Drug abuse, scant state resources, hurting child safety


LOUISVILLE, Ky. (AP) — An outside panel has concluded that Kentucky’s social service system is “grossly underfunded” as the state’s child protection system struggles with the large number of children whose parents are abusing drugs.

The Child Fatality and Near Fatality External Review Panel’s findings were published in its annual report released Monday, the Courier-Journal reported. The panel is an independent body created four years ago to review the most serious cases of child abuse or neglect.

The number of children who have died or suffered serious injury because of abuse or neglect is rising, the report said. It also found that the system is so underfunded that it can’t fulfill its mission to protect children, the panel added.

“This mission is not a luxury for Kentucky children,” the report said. “There should be adequate resources provided in order to deliver a full-service array to Kentucky’s families and children.

The report also urges the state to better address the problem of babies born addicted to drugs from impaired mothers.

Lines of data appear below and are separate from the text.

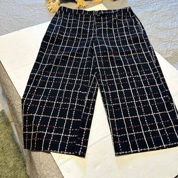 Ladies Sz 12 palooza leg style pants by Alfani. Zips up front they are black with little line of pink. , mauve and white. Inseam measures 23 inches long. They are a blend of polyester and spandex. Worn one time. Like new condition
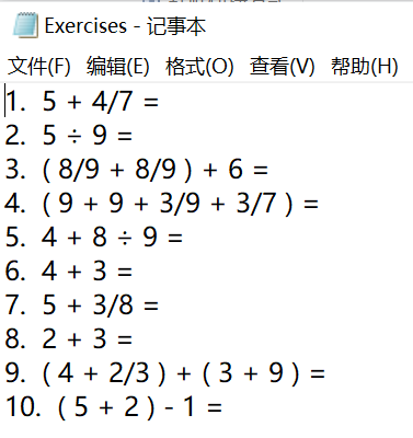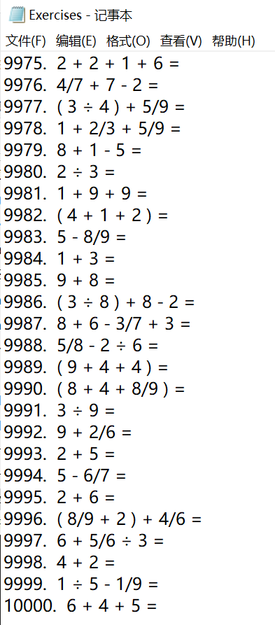 - 程序一次运行生成的题目不能重复,即任何两道题目不能通过有限次交换+和×左右的算术表达式变换为同一道题目,生成的题目存入执行程序的当前目录下的Exercises.txt文件
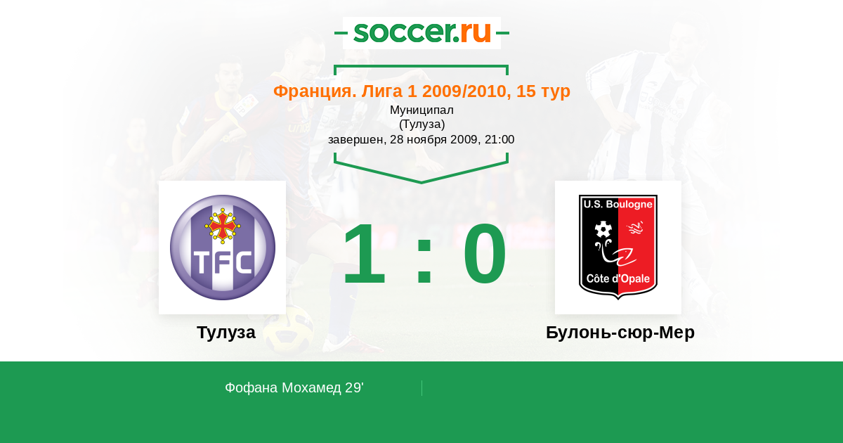 Протокол матча Тулуза против Булонь-сюр-Мер
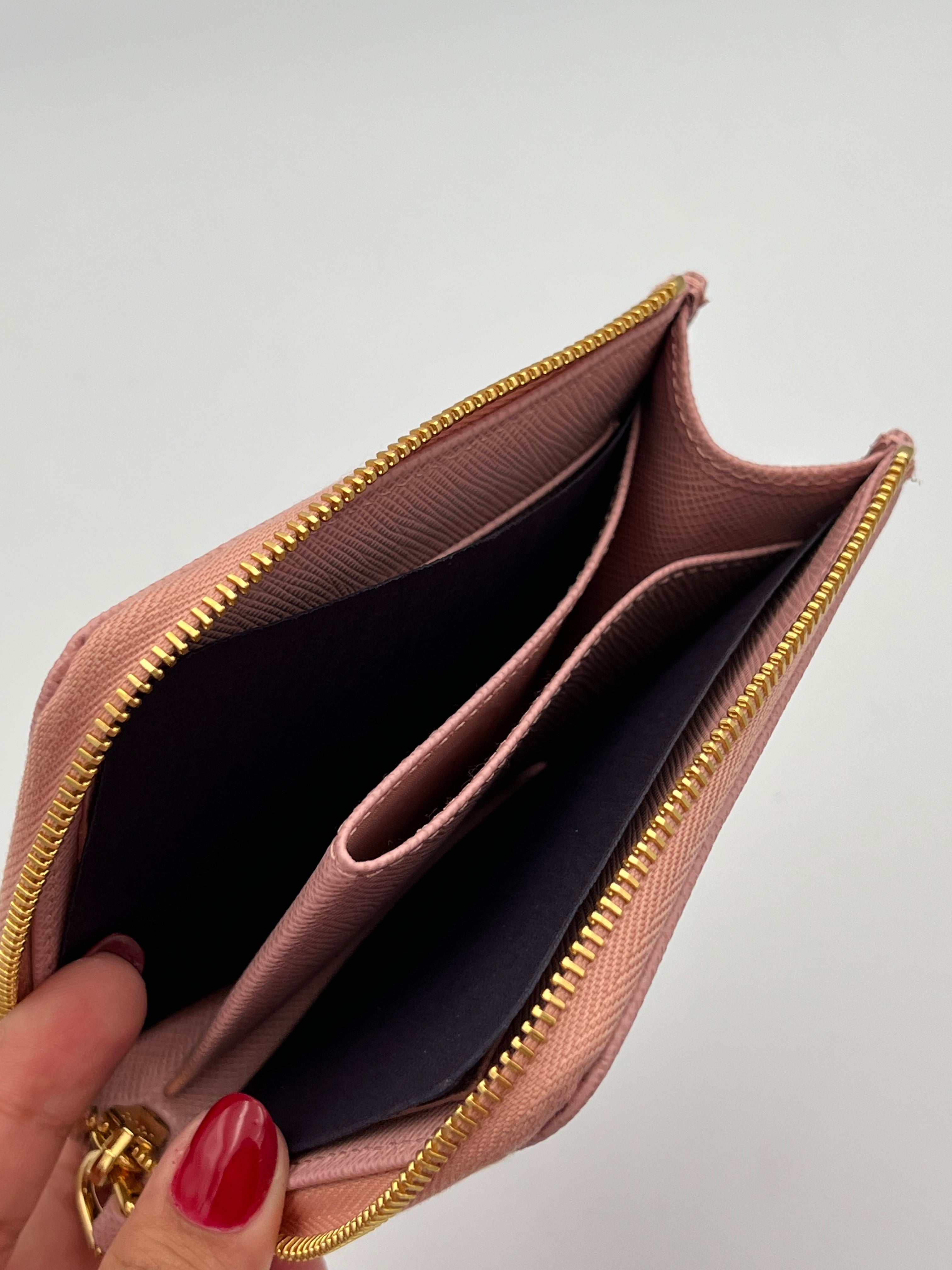 Es una cartera compacta de piel Saffiano con el icónico logo triangular de Prada en el exterior y cierre con cremallera alrededor para mayor seguridad en forma diagonal. En su interior incluye varios compartimentos para billetes y múltiples ranuras para tarjetas.
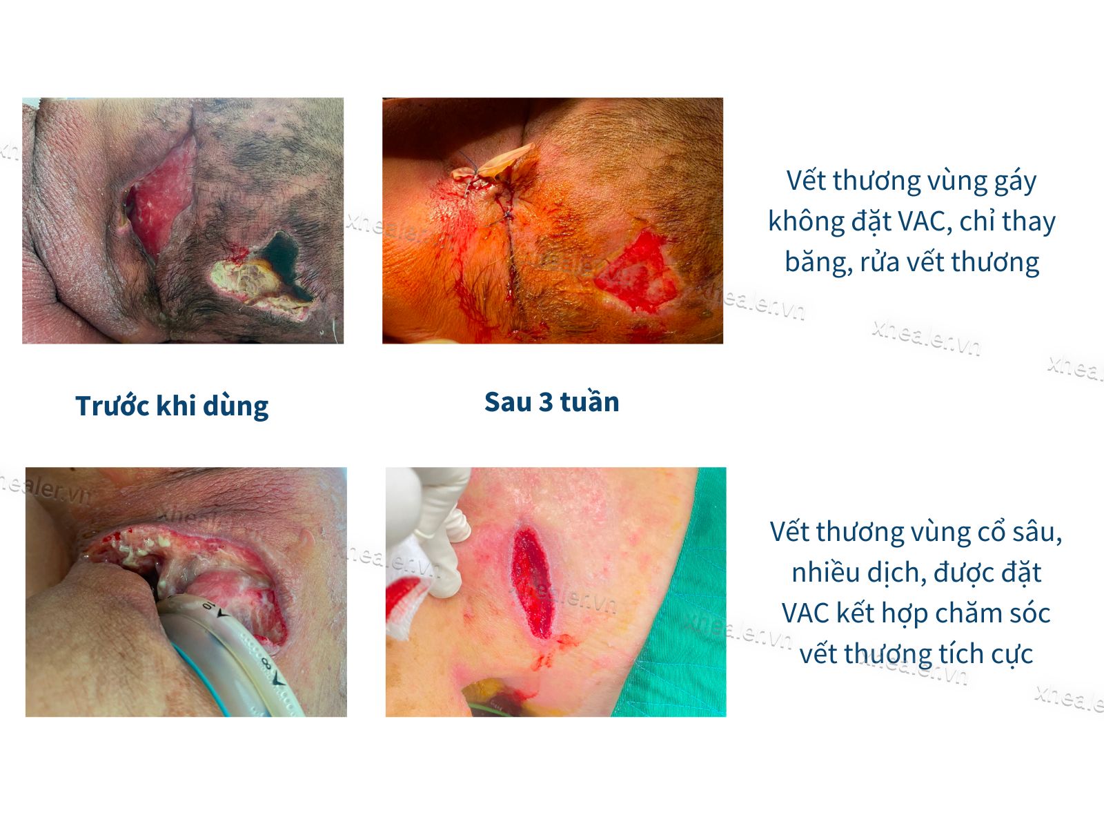 Bệnh nhân dưới đây bị đái tháo đường nhưng bỏ điều trị, vỡ mủ áp xe ở cổ và gáy, đã được rạch dẫn lưu nhiều lần nhưng không lành. Sau khi được chuyển khoa để điều trị chuyên sâu vết thương ở vùng cổ và gáy, chăm sóc vết thương tích cực, đặt VAC kết hợp với bổ sung dinh dưỡng chứa các acid amin chuyên cho lành vết thương, bệnh nhân đã được khâu da và xuất viện sau 3 tuần điều trị.
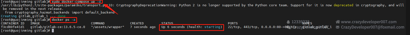 原文地址:http://www.CrazyDeveloper007.com/centos7-docker-deploy-gitlab/
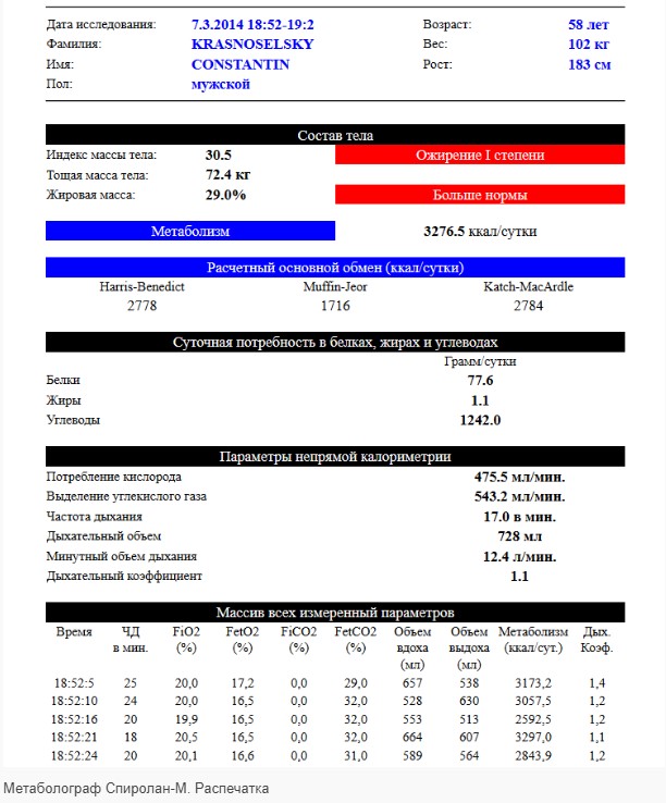 | Методика | Непрямая калориметрия |
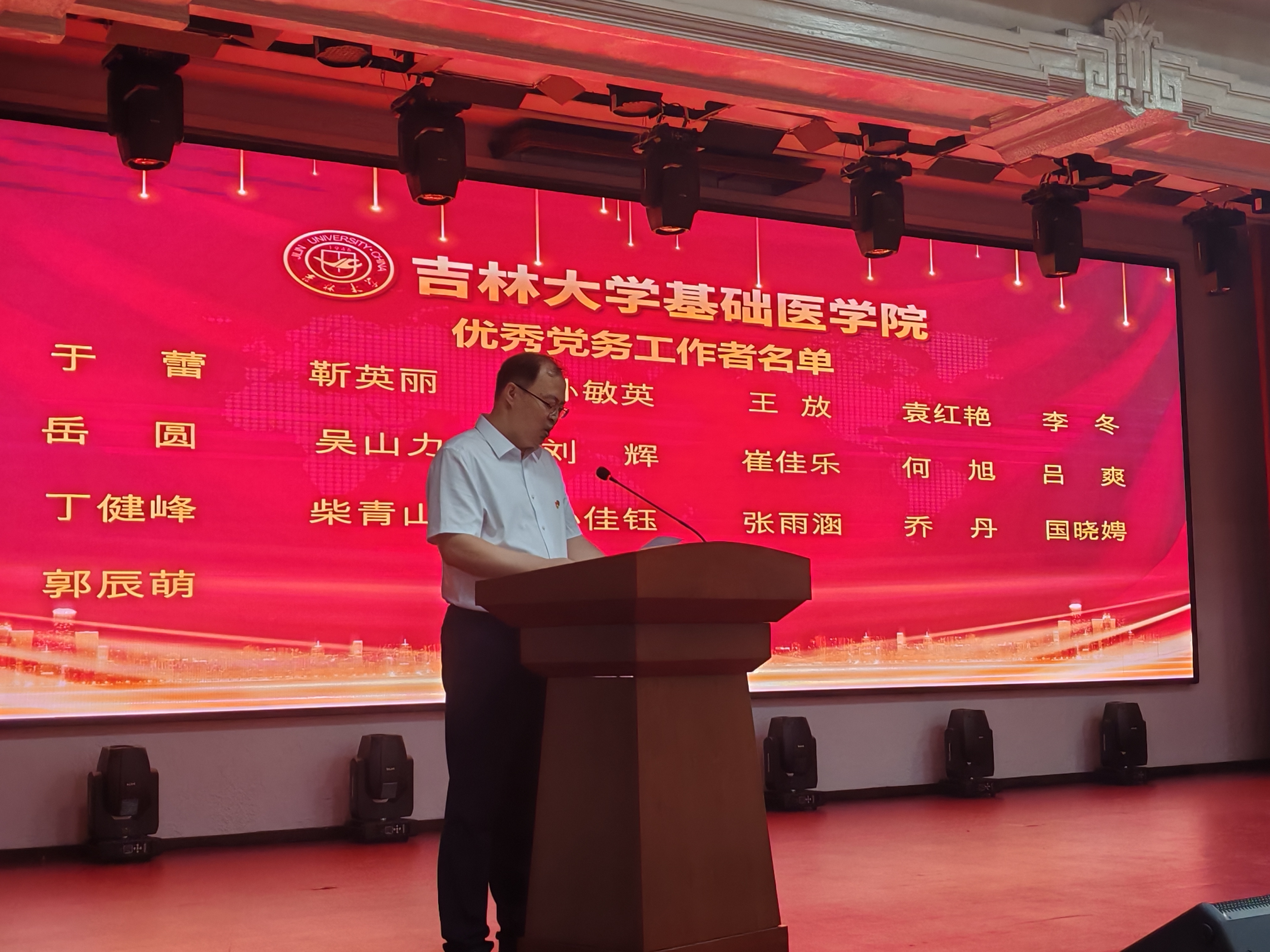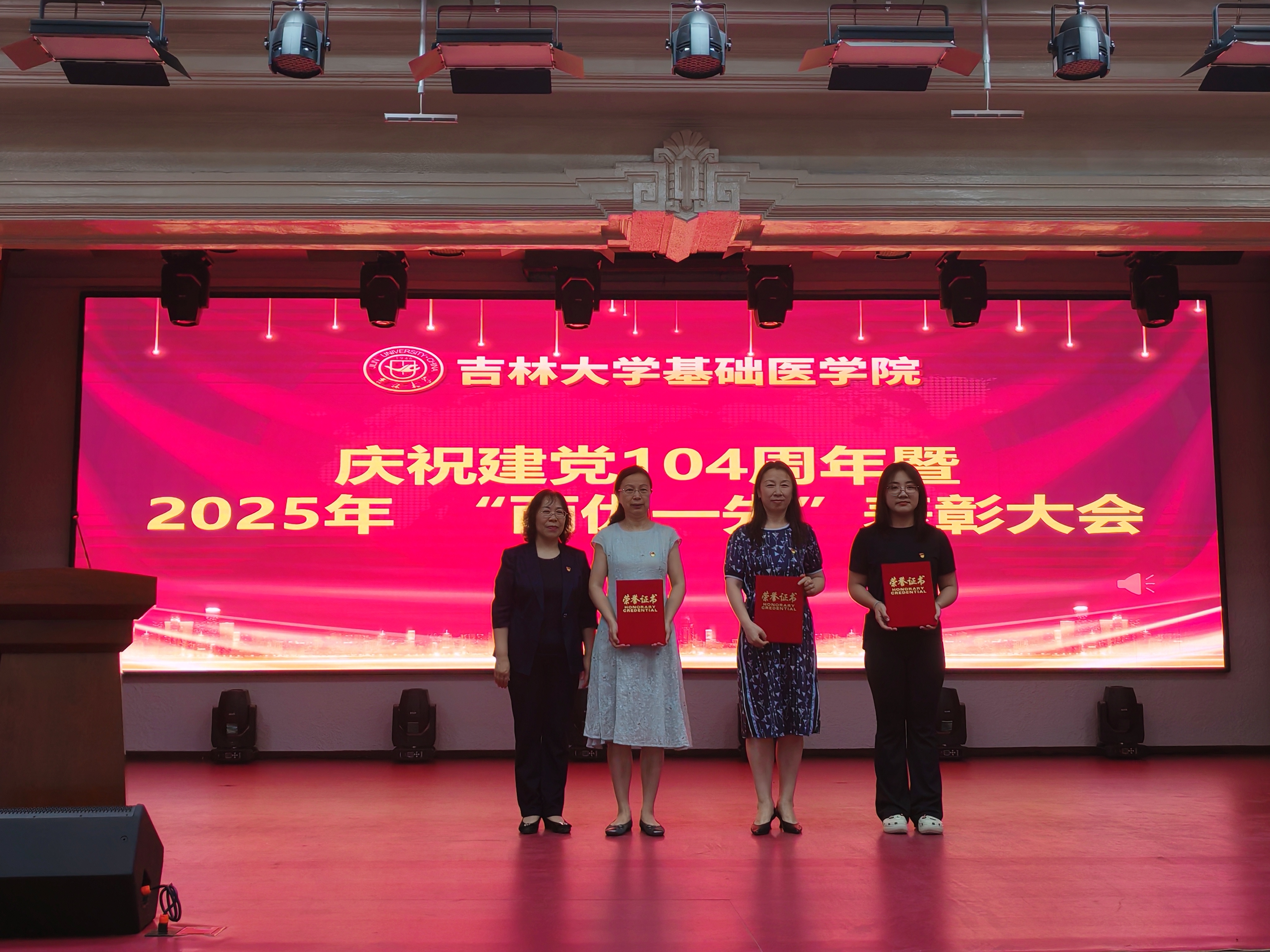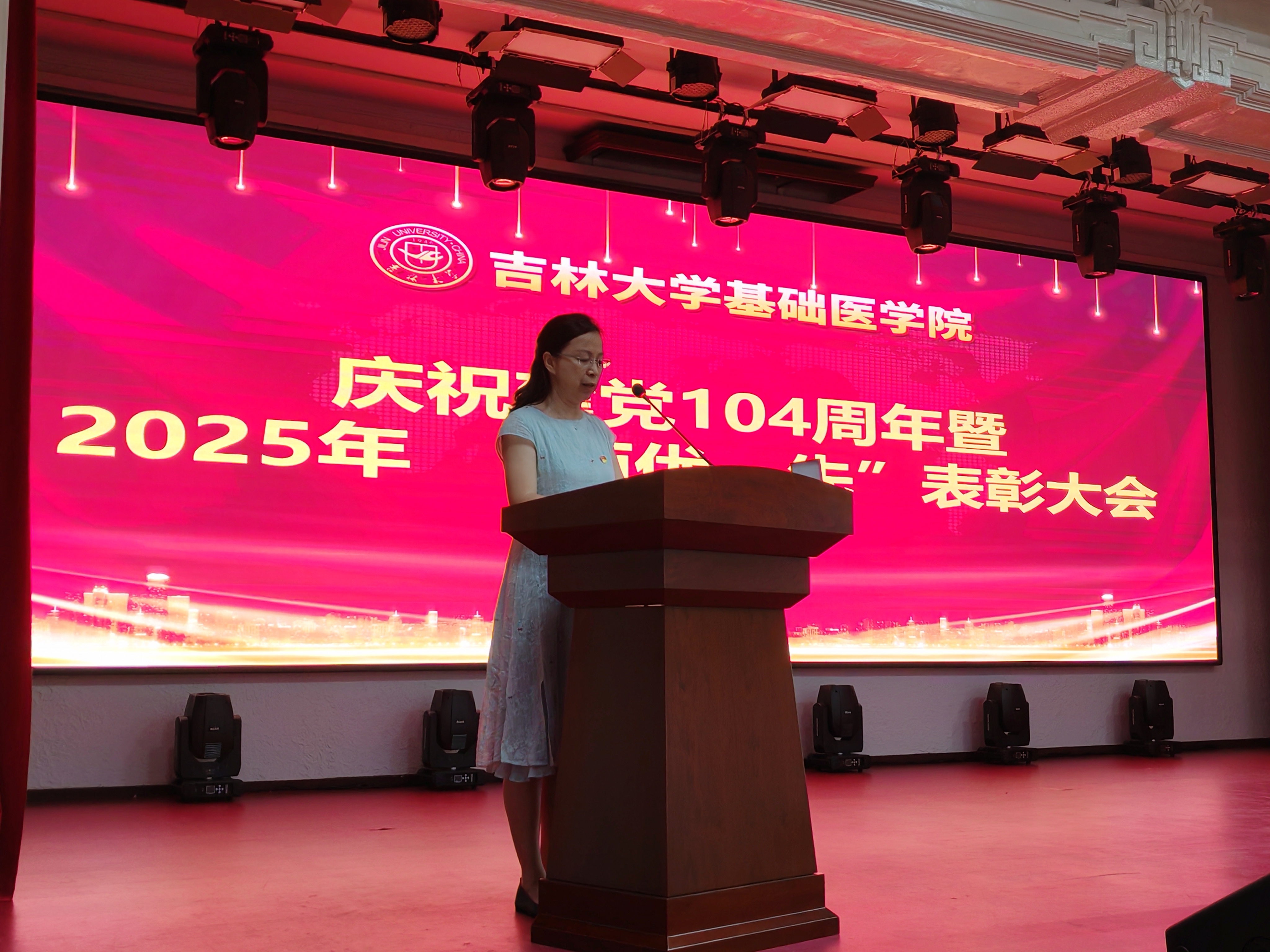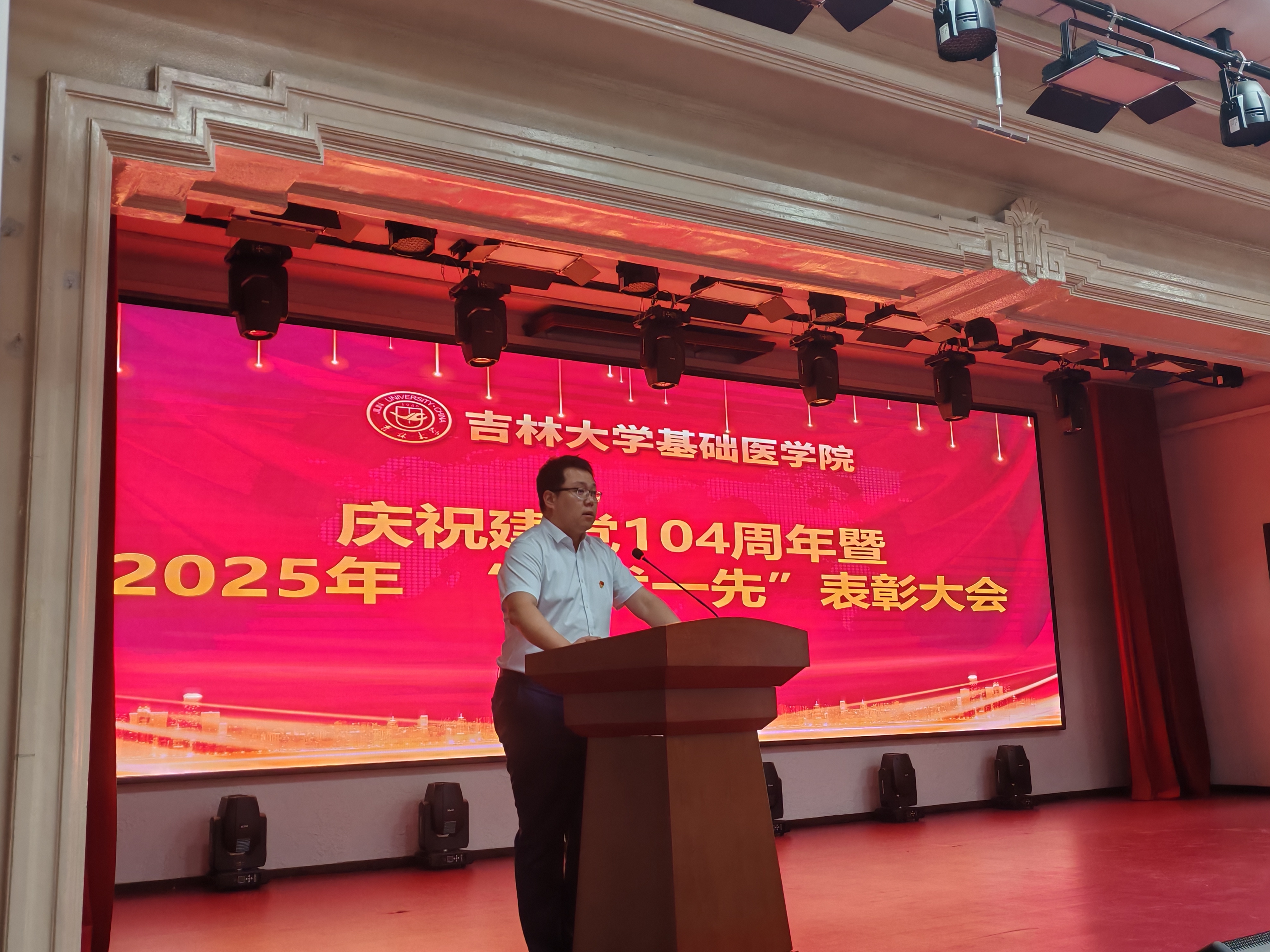 在二楼报告厅举行了庆祝建党104周年暨“两优一先”表彰大会。学校党建联络员屈英和出席会议,学院领导班子成员、全体党员参加会议。会议由学院党委副书记、纪委书记李东洋主持。

The recommendations address concerns state social service workers have been voicing publicly for months — especially about drug addiction and a shortage of workers to deal with a rising number of cases at the beleaguered agency, the Department for Community Based Services.

The findings present a challenge for the Bevin and the legislature at a time when state resources are tight and the governor is committed to addressing the state’s severely underfunded public pension system as a priority.

Social services, along with many other state departments, has seen funding slashed since 2008 when a deep recession began.

Bevin, who has said child protection, foster care and adoption is also a priority, was able to provide social workers with a raise this year and a new salary schedule that also allows many senior employees to get pay increases.

Workers have said they appreciate the raise but their biggest concern is the overwhelming number of cases they must take on.